● Material provided
########

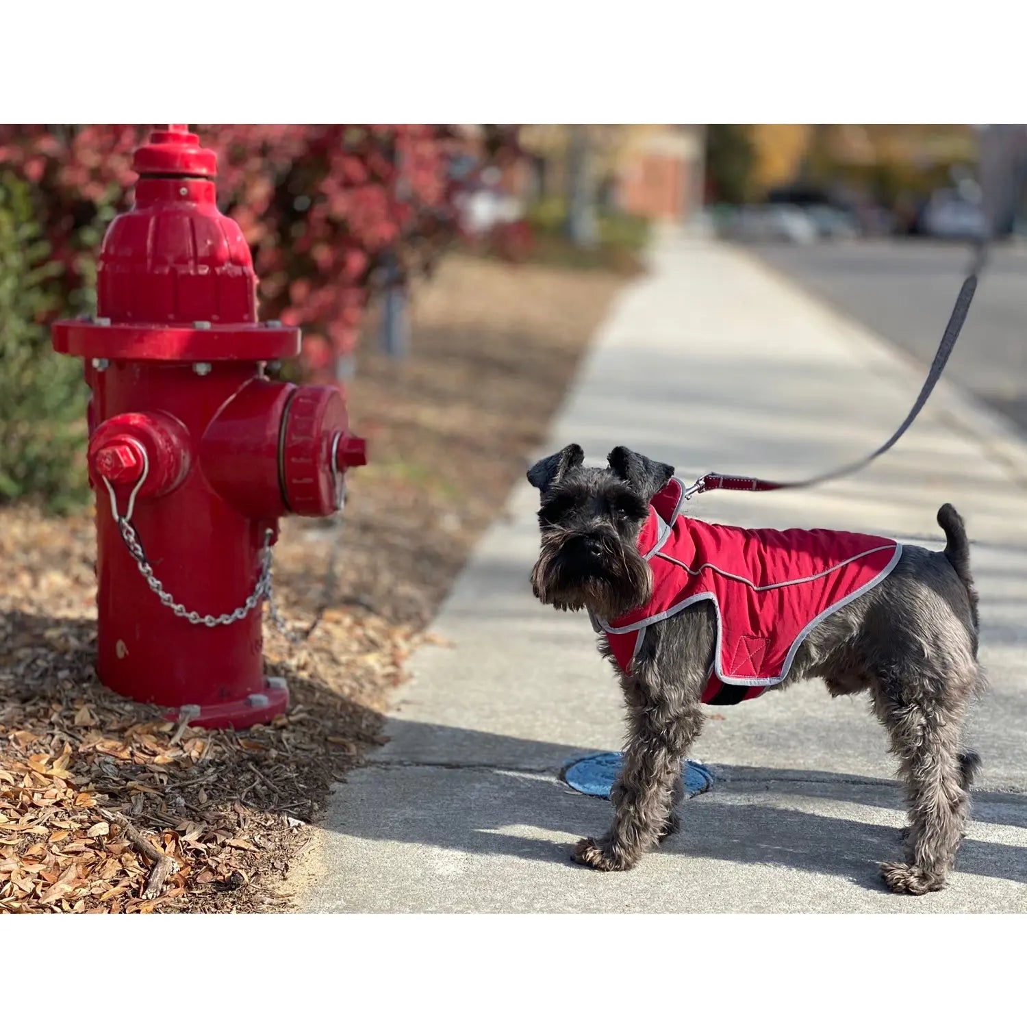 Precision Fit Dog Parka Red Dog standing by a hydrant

########

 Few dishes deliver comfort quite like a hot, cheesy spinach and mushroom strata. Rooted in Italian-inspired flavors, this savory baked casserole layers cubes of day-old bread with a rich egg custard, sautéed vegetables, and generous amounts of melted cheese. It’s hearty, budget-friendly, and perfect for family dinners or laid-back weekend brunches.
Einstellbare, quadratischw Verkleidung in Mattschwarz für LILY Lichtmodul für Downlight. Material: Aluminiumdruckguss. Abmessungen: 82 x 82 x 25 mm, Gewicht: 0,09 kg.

########

● Exercise
Reproduce exactly, and with no other material, the lines between those holding "Few dishes deliver" and "Einstellbare, quadratischw Verkleidung", inclusive.

● Response area
 Few dishes deliver comfort quite like a hot, cheesy spinach and mushroom strata. Rooted in Italian-inspired flavors, this savory baked casserole layers cubes of day-old bread with a rich egg custard, sautéed vegetables, and generous amounts of melted cheese. It’s hearty, budget-friendly, and perfect for family dinners or laid-back weekend brunches.
Einstellbare, quadratischw Verkleidung in Mattschwarz für LILY Lichtmodul für Downlight. Material: Aluminiumdruckguss. Abmessungen: 82 x 82 x 25 mm, Gewicht: 0,09 kg.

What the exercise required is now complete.